Revenge of the TurkeyOn November 27, 2019 by Elyse
As a staple of the holiday feast, Thanksgiving can be tough on turkeys (vegetarians, too—but that’s another story). However, if any are reading, take heart: History shows that once in a while, turkeys come out on top—and not just the top rack of the oven.
Does a turkey gobbler possess the same remarkable mental faculties as does the elephant?
. . . Over seven years ago Miss Elsie Gunther visited the farm of her uncle and teased the gobbler with a cane which had ribbons tied to it. The turkey chased her around the barnyard. The incident was forgotten and school work and business kept the niece from again visiting her uncle until seven years had passed.
Miss Gunther, free from school duties and languishing for the free air of the country, went to the Benton farm last week. The first thing she did was to trip across the barnyard toward the cow pens as she had done years ago. Before she was across the lawn a big turkey gobbler, the same one which attacked her seven years ago, flew at her face and struck her a blow that almost threw her into a heap. The turkey continued his attack until [the farmer] captured and imprisoned him.– From the Valentine Democrat, September 9, 1909
Turkeys, 2; obnoxious schoolgirls; 0.
Aside from an occasional victory on a farm, turkeys tend to triumph in the inane, appallingly violent cartoons of the early 20th century. (Click here for larger image.)

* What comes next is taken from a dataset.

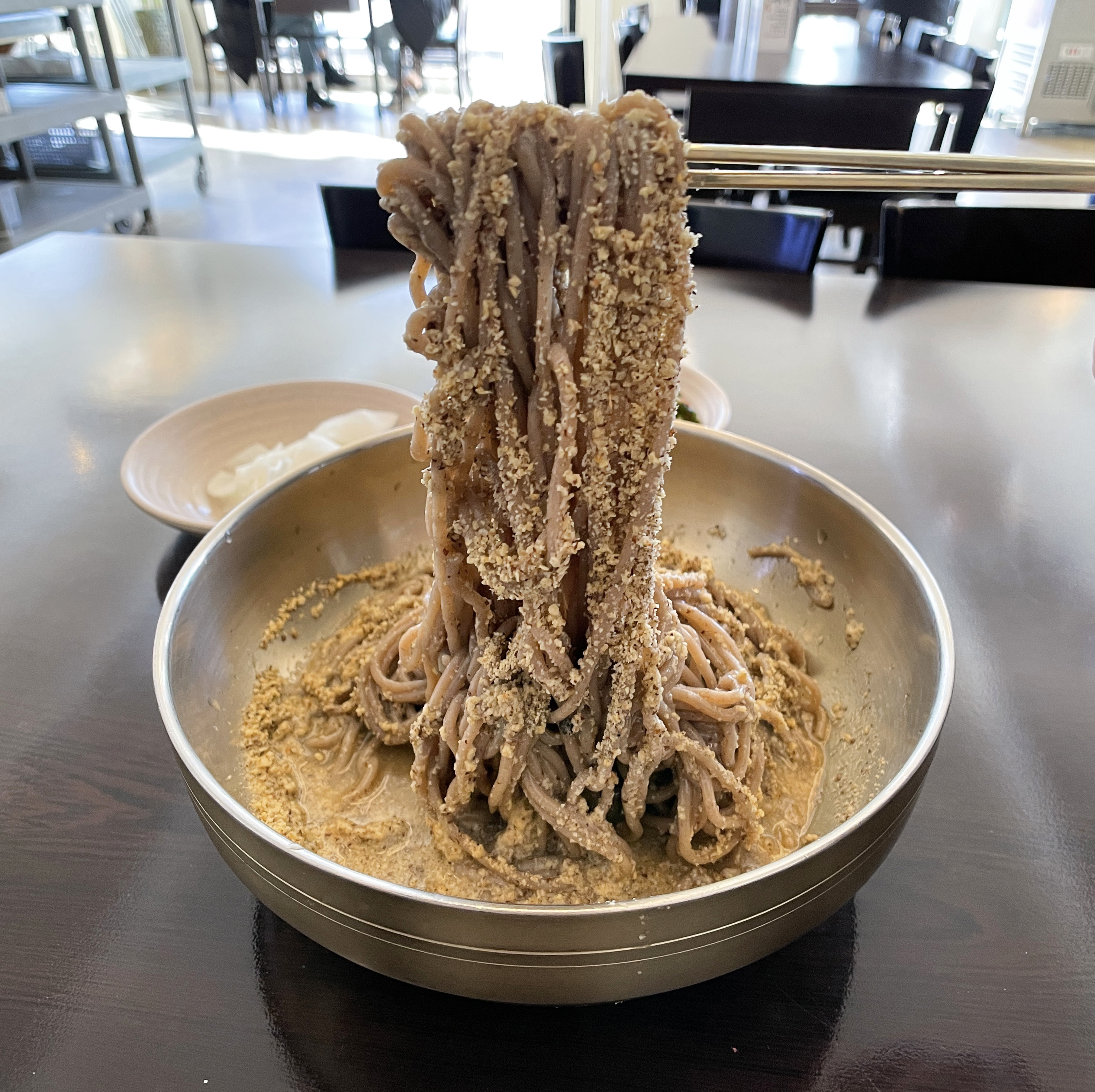 들깨막국수는 고소한 들깨가 막국수 위에 듬뿍 올라간 메뉴였고, 들깨막국수라는 메뉴는 처음 접해보는데 생각보다 맛있더라고요. 들깨가 올라가서 그런지 고소한 맛이 중독성이 있었고, 면의 식감도 탄력이 있어서 씹는 맛이 좋았습니다.

I’m not sure if I’m more disturbed by the man’s unprovoked aggression towards the turkey or the child running around with an axe. Speaking of which:
(Click here for larger image.)
Young Tommy might not have had a nice Thanksgiving, but at least there’s one turkey out there who did. Hopefully, he gobbled a report to Child Protective Services about the small child playing with a hatchet.
If Elsie Gunther’s tormentor is any indication, the long-suffering turkey is out for more than a hint of poetic justice.

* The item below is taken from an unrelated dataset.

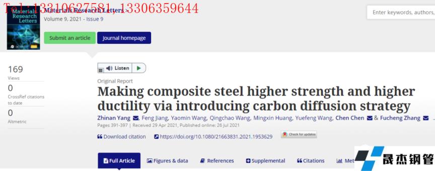 在本研究中,燕山大學提供了一種新的元素擴散策略,即輕元素(如碳)的長程擴散。與初始整體馬氏體鋼相比,該策略不會降低每一層的機械性能,并提高復合馬氏體鋼的強度和延展性。相關(guān)研究成果以題“Making composite steel higher strength and higher ductility via introducing carbon diffusion strategy”發(fā)表在國際著名期刊Materials Research Letters上。

Whether you’re cooking, eating, playing football, avoiding your relatives or running away from a maniac with an axe, may you and yours have a happy Thanksgiving!
Disclaimer: The modern era is far from the first to grapple with rampant “fake news.” As I am neither a historian nor journalist, I make no claims about the accuracy or lack thereof of the above historical articles. I assert only that they make for a good story.